The Mineralization of Oxalic Acid and Bio-treated Coking Wastewater by Catalytic Ozonation Using Nickel Oxide

Overview

Journal Environ Sci Pollut Res Int

Publisher Springer

Specialties Environmental Health
Toxicology

Date 2017 Nov 11

PMID 29124641

Citations 2

Authors

Kaiyi Wu

Fengzhen Zhang

Haizhen Wu

Chaohai Wei

Affiliations

Soon will be listed here.

Abstract

Coking wastewater after biological treatment still possesses potential environmental risk and should be mineralized further. This work focused on the mineralization of bio-treated coking wastewater using catalytic ozonation by NiO. First, oxalic acid, the typical by-product of advanced oxidation process (AOPs), was used to test the catalytic performance of NiOs, prepared by modified hydrothermal methods upon addition of different surfactants. This demonstrated that NiO upon addition of hexadecyltrimethylammonium (CTAB) had the best catalytic activity, due to its high concentration surface hydroxyl density and strong stability.

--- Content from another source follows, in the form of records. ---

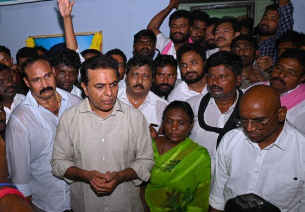 కోదాడ ,ఫిబ్రవరి 27(నేటితెలుగు పత్రిక): కర్ల రాజేష్ కుటుంబానికి న్యాయం జరగకపోతే జాతీయస్థాయిలో ఉద్యమానికి శ్రీకారం చుడతానని బిఆర్ఎస్ పార్టీ వర్కింగ్ ప్రెసిడెంట్ కేటీఆర్ ప్రభుత్వాన్ని హెచ్చరించారు. గురువారం రాత్రి కోదాడ పట్టణంలో ఇటీవల లాకప్ డెత్ లో మృతి చెందిన కర్ల రాజేష్ కుటుంబాన్ని మాజీ మంత్రి జగదీష్ రెడ్డి, మాజీ ఎమ్మెల్యేలు బొల్లం మల్లయ్య యాదవ్, గాదారి కిషోర్, కంచర్ల భూపాల్ రెడ్డి, ఎంపీ వద్దిరాజు రవిచంద్ర, రాష్ట్ర నాయకులు ఆర్ఎస్ ప్రవీణ్ కుమార్ లతో కలిసి తల్లి లలితమ్మను ఆయన పరామర్శించారు. రాజేష్ మృతికి కారకులైన పోలీసు యంత్రాంగంపై చర్యలు తీసుకోకపోవడం పై ఆగ్రహం వ్యక్తం చేశారు. బాధ్యులైన వారిని ఎందుకు కాపాడుతున్నారో జవాబు చెప్పాలన్నారు. దుర్మార్గానికి ఒడిగట్టిన డిఎస్పి, సిఐ,ఎస్ఐ లను విధుల నుండి సస్పెండ్ చేయాలన్నారు. డీఎస్పీపై చర్యలు తీసుకోకుండా స్థానిక మంత్రి సివిల్ సప్లై శాఖలో పదోన్నతి కల్పించడం వెనకాల ఆంతర్యం ఏమిటి అన్నారు. తమ ప్రభుత్వ హయాంలో లాక్ అప్ డెత్ లో మృతి చెందిన మరియమ్మ కేసులో పూర్తి న్యాయం చేశామన్నారు. ప్రస్తుత ప్రభుత్వం రాజేష్ కుటుంబాన్ని తీవ్ర అన్యాయానికి గురి చేసిందని ఆవేదన వ్యక్తం చేశారు. పార్టీ పక్షాన బాధిత కుటుంబానికి ఐదు లక్షల సహాయాన్ని ప్రకటించారు. భవిష్యత్తులో బిఆర్ఎస్ పార్టీ కర్ల రాజేష్ కుటుంబానికి అండగా ఉంటుందని హామీ ఇచ్చారు. రాజేష్ కుటుంబానికి అండగా నిలుస్తున్న ఎమ్మార్పీఎస్ వ్యవస్థాపక అధ్యక్షులు మందకృష్ణ మాదిగ ప్రజా సంఘాలకు వివిధ రాజకీయ పక్షాలకు కృతజ్ఞతలు తెలిపారు. అనంతరం రాజేష్ తల్లితో కలిసి రాజేష్ చిత్రపటానికి పూలమాలలు వేసి నివాళులు అర్పించారు. కాగా కేటీఆర్ ను చూసేందుకు అభిమానులు పెద్ద ఎత్తున తరలివచ్చారు. ఈ కార్యక్రమంలో స్థానిక నాయకులు ఎంఆర్పిఎస్ నాయకులు పాల్గొన్నారు.
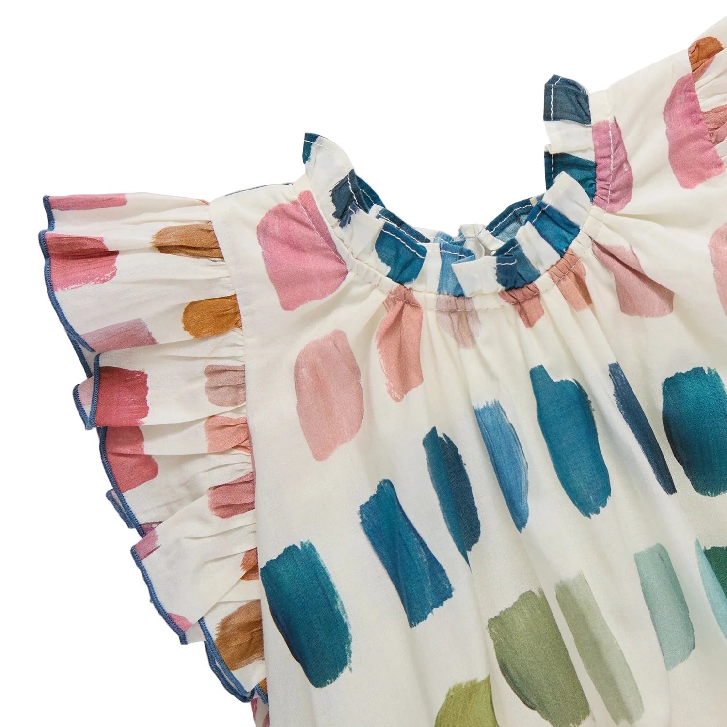 - Ruffle sleeves and neckline
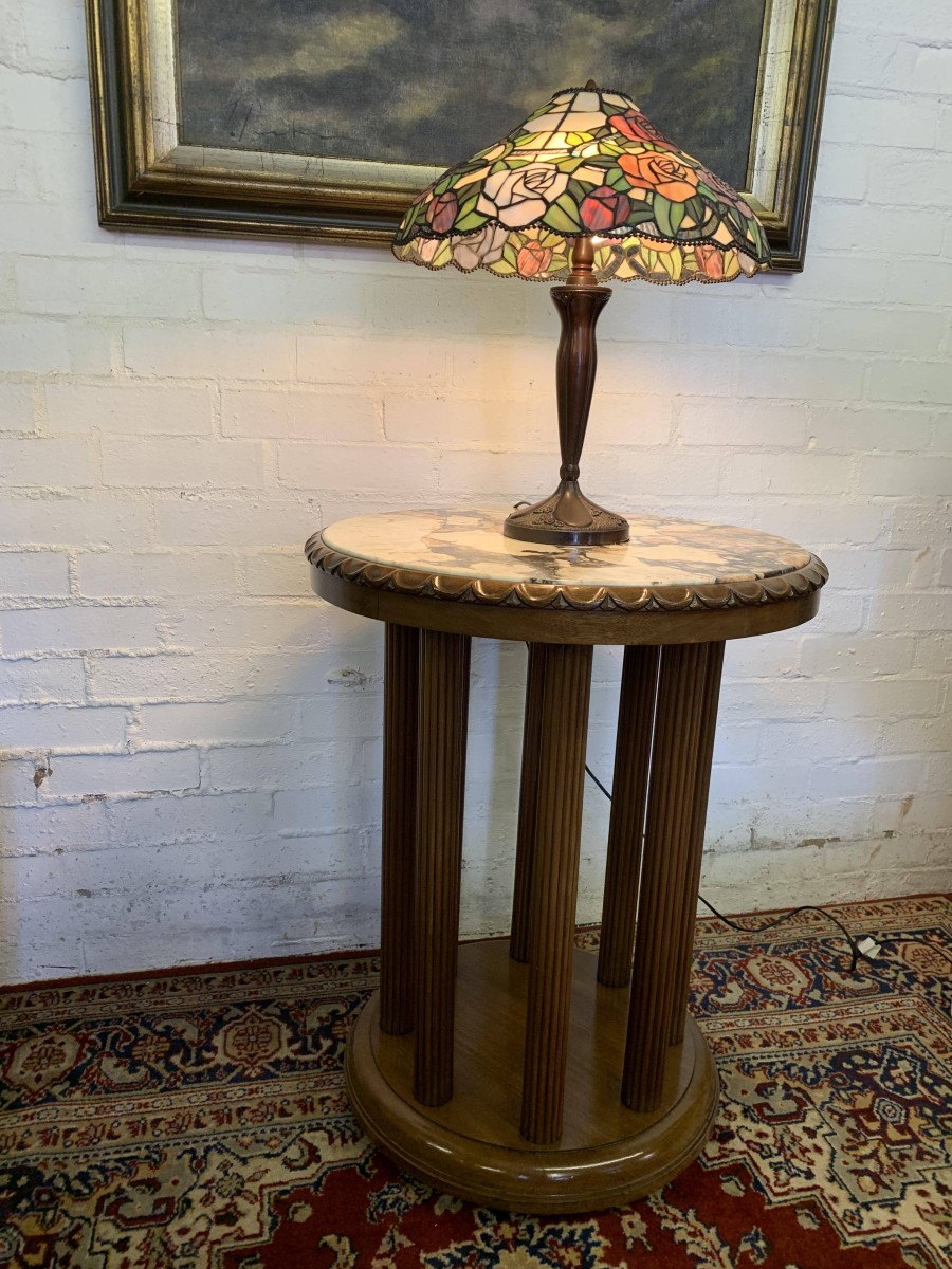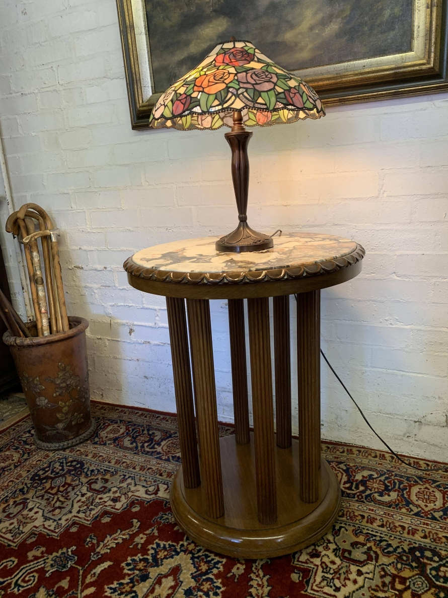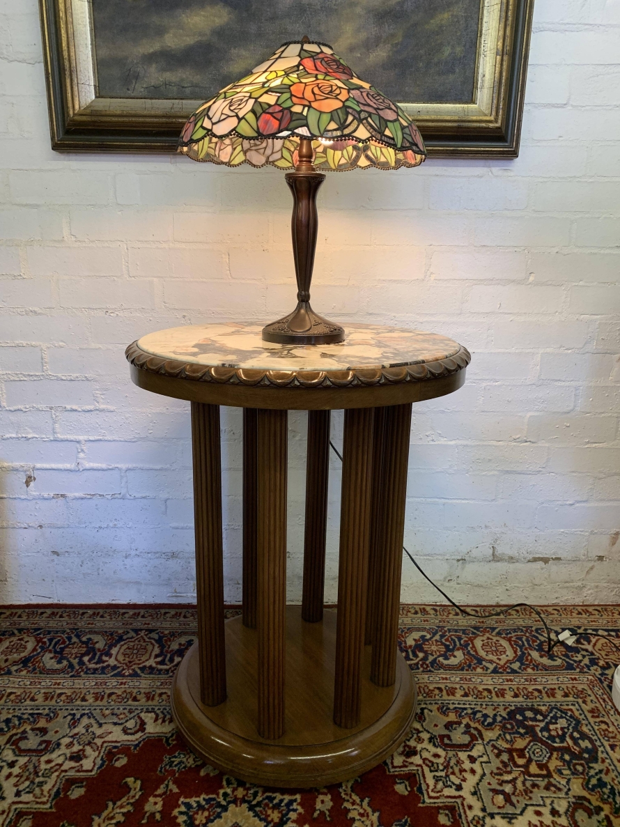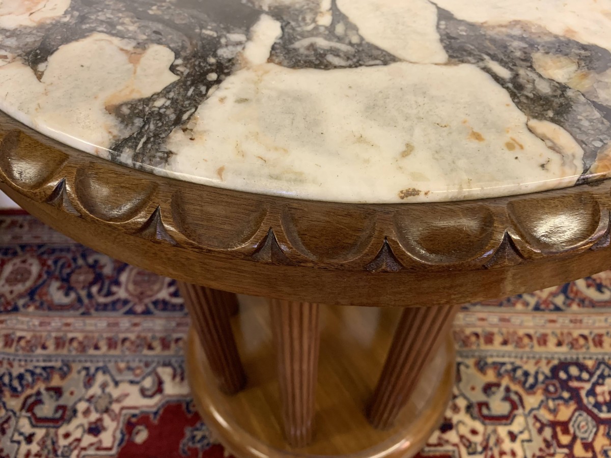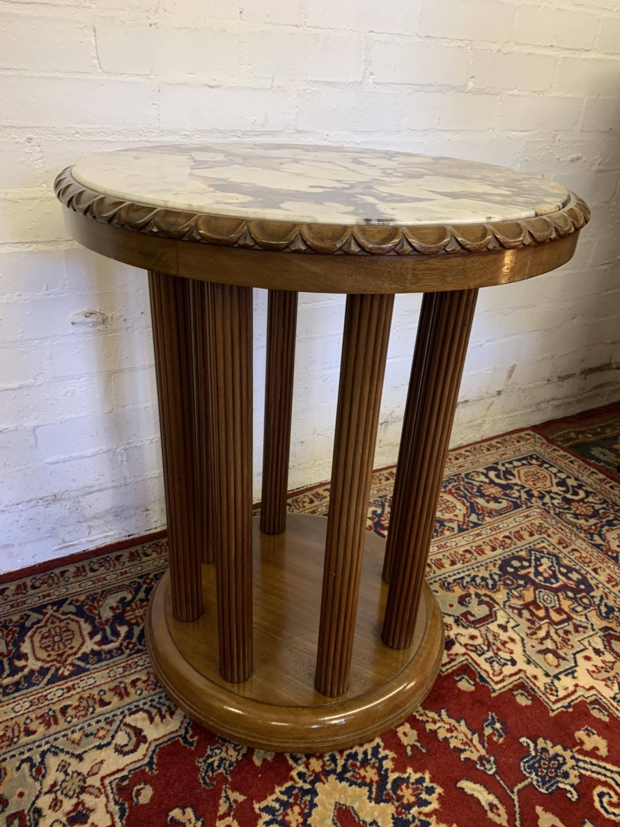 - Fabulous Art Deco Round Carved Walnut Marble Top Stand/table Circa 1920 – Now Sold

Moreover, the best NiO was applied for the catalytic ozonation of bio-treated coking wastewater. Under our experimental conditions, the total organic carbon (TOC) removal reached 100% after 420 min. In addition, the spectroscopic analysis suggested that compounds with conjugated structures could be significantly removed by both ozonation and catalytic ozonation. Some of these substances were transformed into by-products with aliphatic C-C and O=C-O groups such as organic acids that can inhibit further mineralization.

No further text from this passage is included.